Kabar terbaru, Presiden AS Donald Trump menandatangani memorandum presiden pada Kamis (22/3) waktu setempat yang isinya mengenakan tarif terhadap barang impor dari China senilai 60 miliar dollar AS. Angka itu setara dengan 10 persen barang dan jasa yang diimpor AS dari China setiap tahun.
China pun melawan dengan mengancam akan memberlakukan tarif untuk 128 barang dari AS. Para investor khawatir terjadi perang dagang ketika kedua negara tersebut berseteru mengenai tarif impor.
Investor ritel pun tidak luput dari dinamika di bursa. Portofolio bisa jadi memerah dan investor merugi. Para analis memperkirakan bursa saham sudah masuk ke fase penurunan.
Langkah investor
Ketika bursa sedang tidak menentu, ada beberapa hal yang dapat dilakukan oleh investor ritel.

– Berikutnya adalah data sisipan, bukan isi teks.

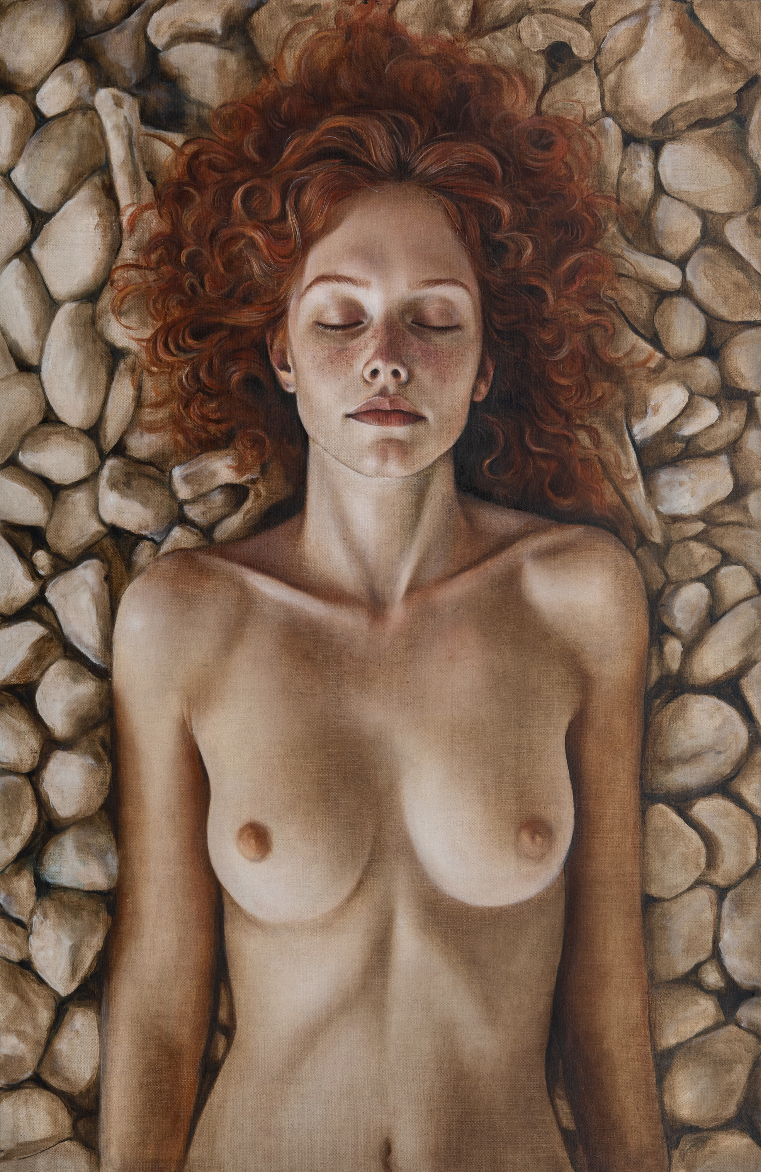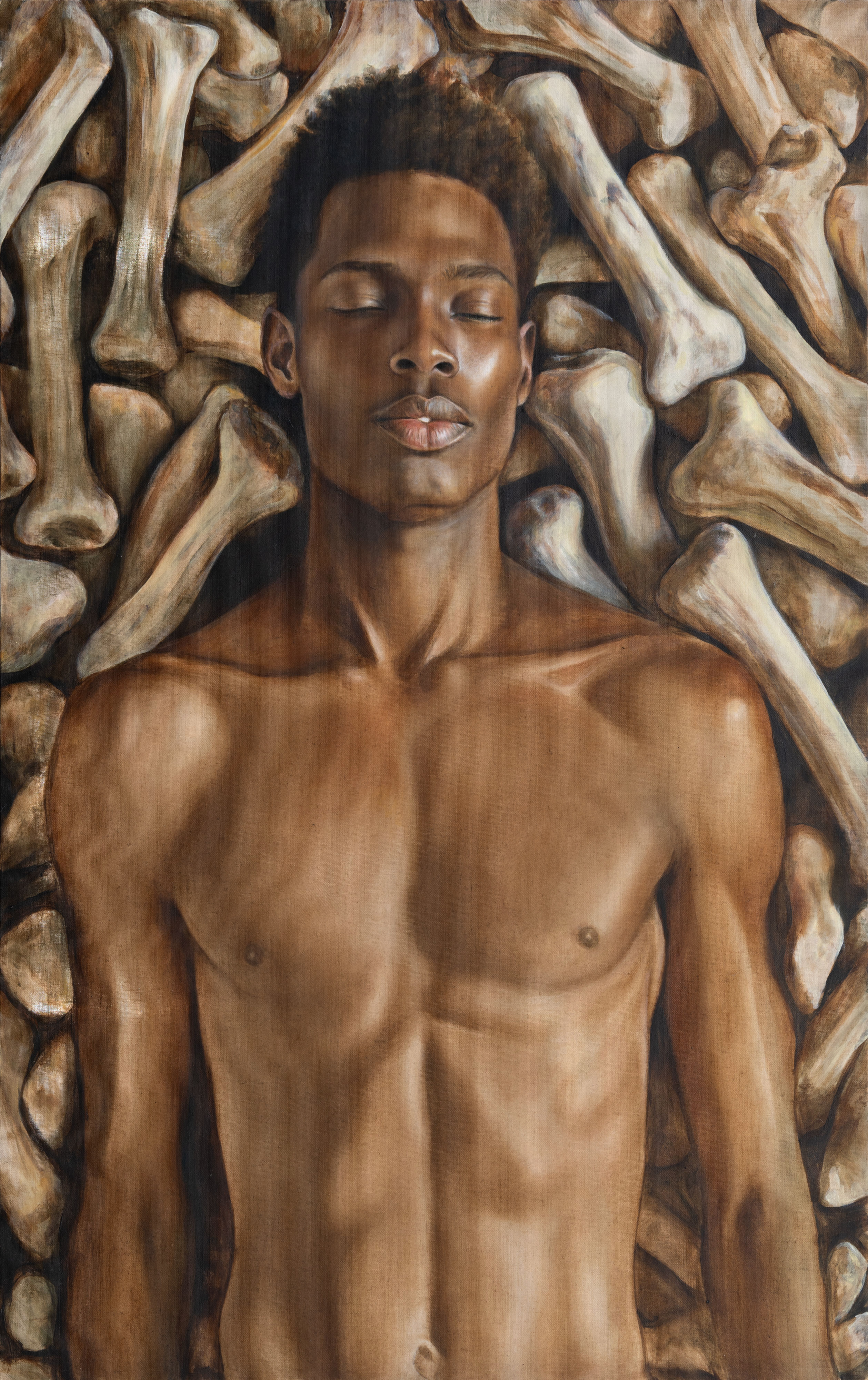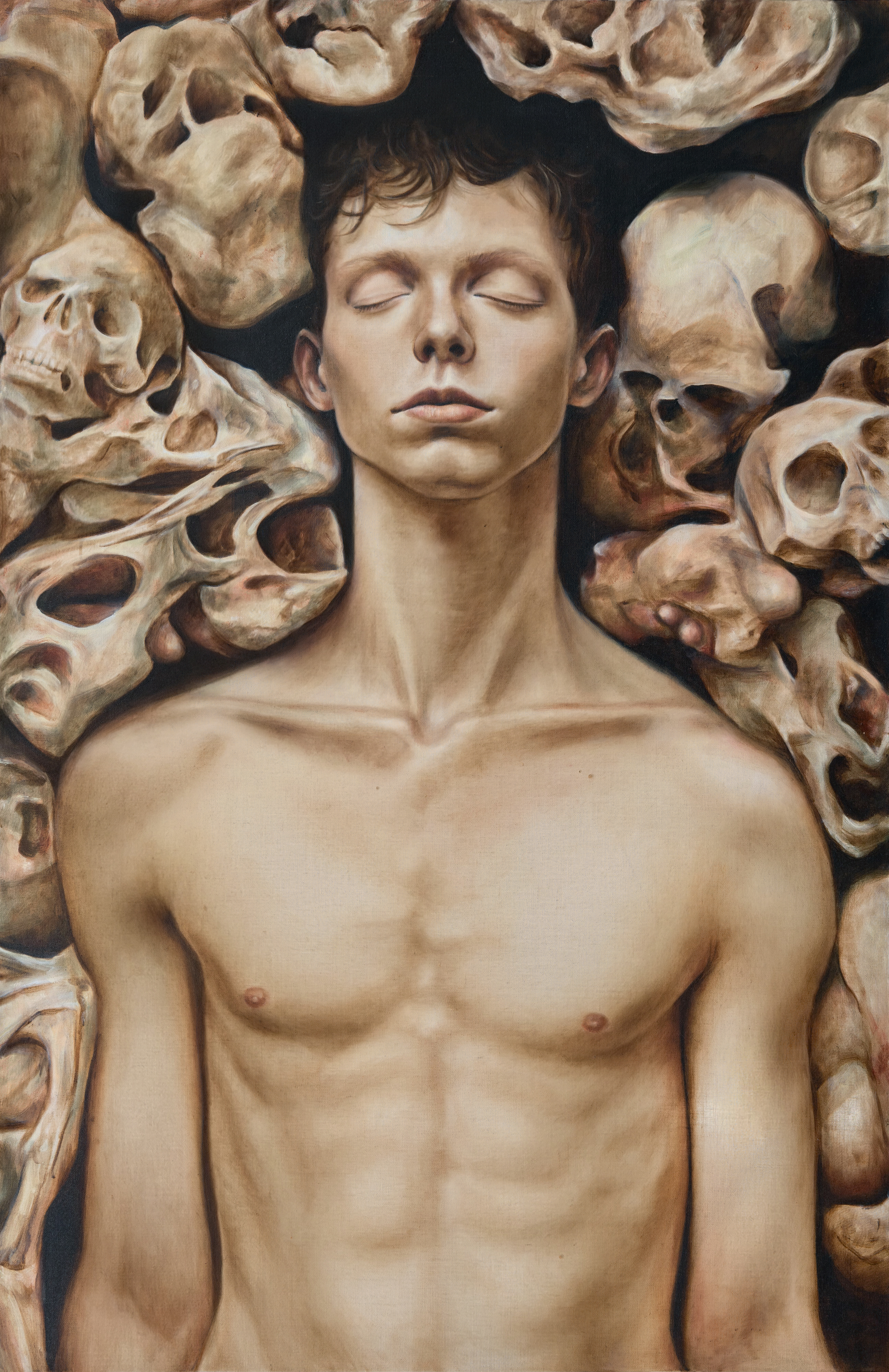 Después del goce reúne una serie de pinturas donde el cuerpo se ofrece como territorio de silencio y de belleza interrumpida. Jóvenes cuerpos —dóciles, serenos, expuestos— reposan sobre calaveras y huesos en una escena que oscila entre la contemplación y la ruina. No hay violencia ni dramatismo, sino una calma tensa que parece contener la memoria de un deseo que ya se consumió.

Investor, misalnya, dapat membeli saham dengan harga lebih murah, terutama saham yang memiliki fundamental bagus. Walau setelah membeli saham saat harganya turun, tidak ada jaminan besok harga saham itu akan naik. Bisa jadi, harga saham semakin turun.
Saham perusahaan dengan fundamental bagus, seperti memiliki rasio-rasio keuangan yang baik, memang dapat mulai dikoleksi ketika harga turun, meski tidak seorang pun dapat mengetahui saat paling tepat untuk membeli saham.
Akan tetapi, dengan memanfaatkan sinyal-sinyal teknis, hal itu dapat lebih mudah menentukan kapan sebaiknya pembelian saham dilakukan.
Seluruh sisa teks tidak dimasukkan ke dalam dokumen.